La Côte d’Ivoire semble d’ailleurs vouloir aller dans cette direction. En juin 2026, le gouvernement a lancé le Système d’Information sur le Marché du Travail (SIMT), destiné notamment à mieux identifier les métiers émergents et à anticiper les besoins futurs en compétences.

Cette capacité d’anticipation sera déterminante.


Ne pas lutter contre l’IA, apprendre à travailler avec elle

Pour un jeune Ivoirien qui se lance aujourd’hui dans le freelancing, le message n’est donc pas : « l’IA va prendre ton emploi ».

Le message devrait plutôt être :

« Apprends à créer une valeur que l’IA seule ne peut pas facilement reproduire. »

Savoir écrire ne suffira peut-être plus. Il faudra savoir communiquer.

Savoir traduire ne suffira plus. Il faudra comprendre le contexte et la culture du client.

Savoir créer une image ne suffira plus.

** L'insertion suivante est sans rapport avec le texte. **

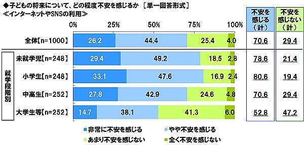 次に「子どものインターネット・SNS利用」に対しては、「不安を感じる」は70.6%。就学段階別では、未就学児の親(78.6%)と小学生の親(80.6%)が特に高かった。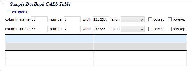 When you insert a CALS table, you see a link for setting the <colspecs>

Il faudra savoir construire une identité visuelle et une stratégie.

Savoir utiliser ChatGPT ne suffira pas non plus. Il faudra savoir vérifier, réfléchir, décider et apporter une véritable expertise.

L’IA ne signe donc pas nécessairement la fin du freelancing africain.

Elle pourrait plutôt marquer la fin d’une certaine manière de travailler en ligne.


Le Kenya nous avertit, la Côte d’Ivoire doit anticiper

L’histoire des rédacteurs kenyans constitue finalement un avertissement autant qu’une opportunité.

Le numérique a permis à une génération de jeunes Africains d’accéder à des clients et à des revenus internationaux sans nécessairement quitter leur pays.

Mais la même technologie qui a ouvert cette porte est désormais capable d’automatiser une partie des tâches qui permettaient d’y entrer.

Pour la Côte d’Ivoire, le défi est donc immense : former une jeunesse capable non seulement d’utiliser les technologies actuelles, mais surtout de s’adapter à celles qui arriveront demain.

Car dans l’économie numérique, la compétence la plus précieuse pourrait bien être celle qui permet de continuer à apprendre.

L’IA ne remplacera pas nécessairement tous les freelances. Mais les freelances qui sauront utiliser l’IA auront probablement un avantage sur ceux qui refuseront de l’apprendre.


À retenir

Le cas du Kenya : jusqu’à 40 000 personnes auraient travaillé dans la rédaction de devoirs à Nairobi au sommet de cette activité. L’arrivée de l’IA a fortement réduit la demande.

Le cas ivoirien : des milliers de jeunes Abidjanais travaillent déjà avec des clients internationaux via des plateformes de freelancing.

Le défi : l’IA automatise progressivement certaines tâches numériques répétitives.

La réponse : développer des compétences complémentaires : expertise, créativité, analyse, stratégie, communication et maîtrise de l’IA.

L’enjeu pour la Côte d’Ivoire : adapter la formation professionnelle aux nouveaux besoins du marché du travail.


Article adapté et contextualisé par Agora225.net à partir d’une enquête publiée par The New York Times le 5 septembre 2026, avec mise en perspective à partir de sources ivoiriennes.